Detecting hallucinations in large language models (LLMs) is critical for enhancing their reliability and trustworthiness. Most research focuses on hallucinations as deviations from information seen during training. However, the opaque nature of an LLM's parametric knowledge complicates the understanding of why generated texts appear ungrounded: The LLM might not have picked up the necessary knowledge from large and often inaccessible datasets, or the information might have been changed or contradicted during further training. Our focus is on hallucinations involving information not used in training, which we determine by using recency to ensure the information emerged after a cut-off date. This study investigates these hallucinations by detecting them at sentence level using different internal states of various LLMs. We present HalluRAG, a dataset designed to train classifiers on these hallucinations. Depending on the model and quantization, MLPs trained on HalluRAG detect hallucinations with test accuracies ranging up to 75 %, with Mistral-7B-Instruct-v0.1 achieving the highest test accuracies. Our results show that IAVs detect hallucinations as effectively as CEVs and reveal that answerable and unanswerable prompts are encoded differently as separate classifiers for these categories improved accuracy. However, HalluRAG showed some limited generalizability, advocating for more diversity in datasets on hallucinations.

Paper Structure

This paper contains 18 sections, 3 figures, 16 tables.

Figures (3)

  • Figure 1: Differentiation of approaches azaria2023internalsu2024unsupervisedlongpre2022entitybased based on the type of queried knowledge. Current methods in the literature focus on knowledge that is assumed as entrained into the LLM's parameters (parametric).
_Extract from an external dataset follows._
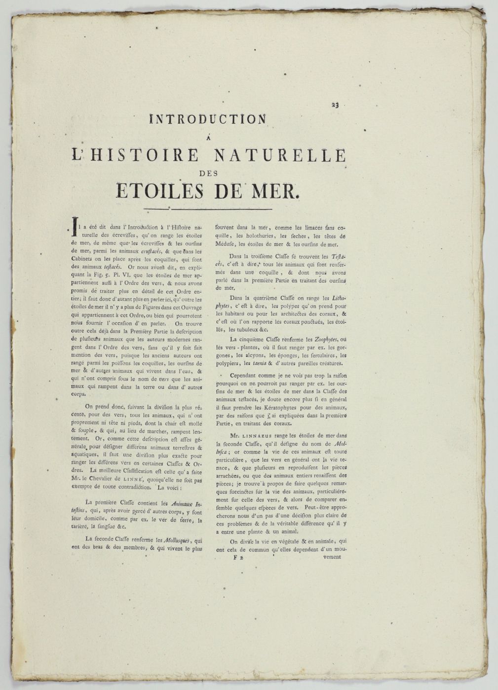 Delices de la nature ou choix de tout ce que les trois regnes de la nature renferment de plus digne des recherches d'un curieux, pour en former un cabinet ouvrage communiqué ci-devant au public par Georg Wolfgang Knorr célébre graveur de Nuremberg continué par ses héritiers avec les descriptions et remarques de Philippe Louis Statius Müller ... revû, corrigé et augmenté d'une préface par Mr. Jean Ernest Emanuel Walch ...traduit de l'allemand par Jaques Frederic Isenflamm. [etoiles de mer - starfish].
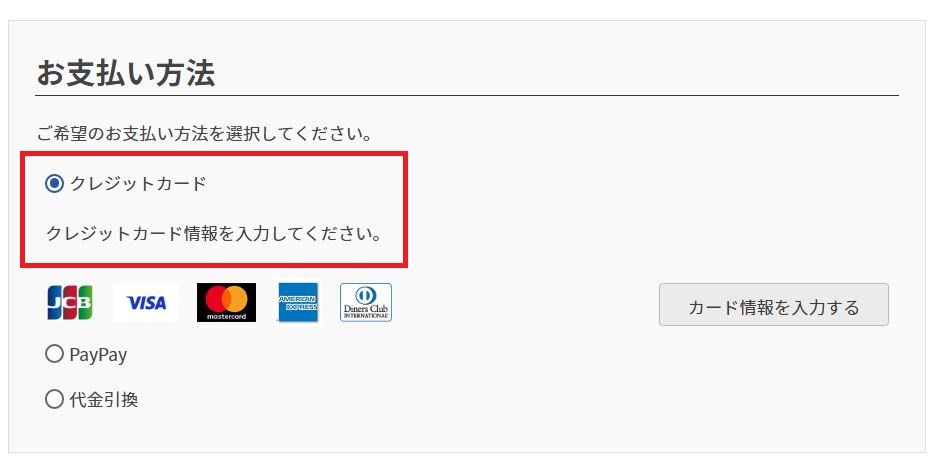 ②「お支払い方法」の設定箇所で「クレジットカード」を選択してください。

This is often difficult to assess as, first, the training data is not always accessible. Second, it is not clear if and how this information was accurately learned by the model during training, for example, which level of detail was kept. Or how further training on other data might have influenced the information, for example, when contradicting pieces of information were present in the training data. In contrast, our focus (in the HalluRAG dataset) is on knowledge the LLM could not have seen during training, avoiding speculative assumptions. This gives us full control over offering this knowledge as context to the model or dealing with questions the model can not answer in any case. The second dimension distinguishes if relevant information for answering the question was provided as part of the context.
  • Figure 2: Locations of intermediate activation values and contextualized embedding vectors in the simplified architecture of LLaMA-2-7B including RMSNorm zhang2019root and Rotary Position Embeddings su2023roformer. While azaria2023internal and su2024unsupervised used contextualized embedding vectors as input to a binary classifier, we extend this approach by also considering intermediate activation values as classifier inputs.
  • Figure 3: Overview of process flow for setting up the HalluRAG dataset: Shown is the whole process of a valid passage on Wikipedia turned into a RAG prompt, the corresponding generated sentences, and internal states for the HalluRAG dataset to eventually train a multilayer perceptron. For more details see text.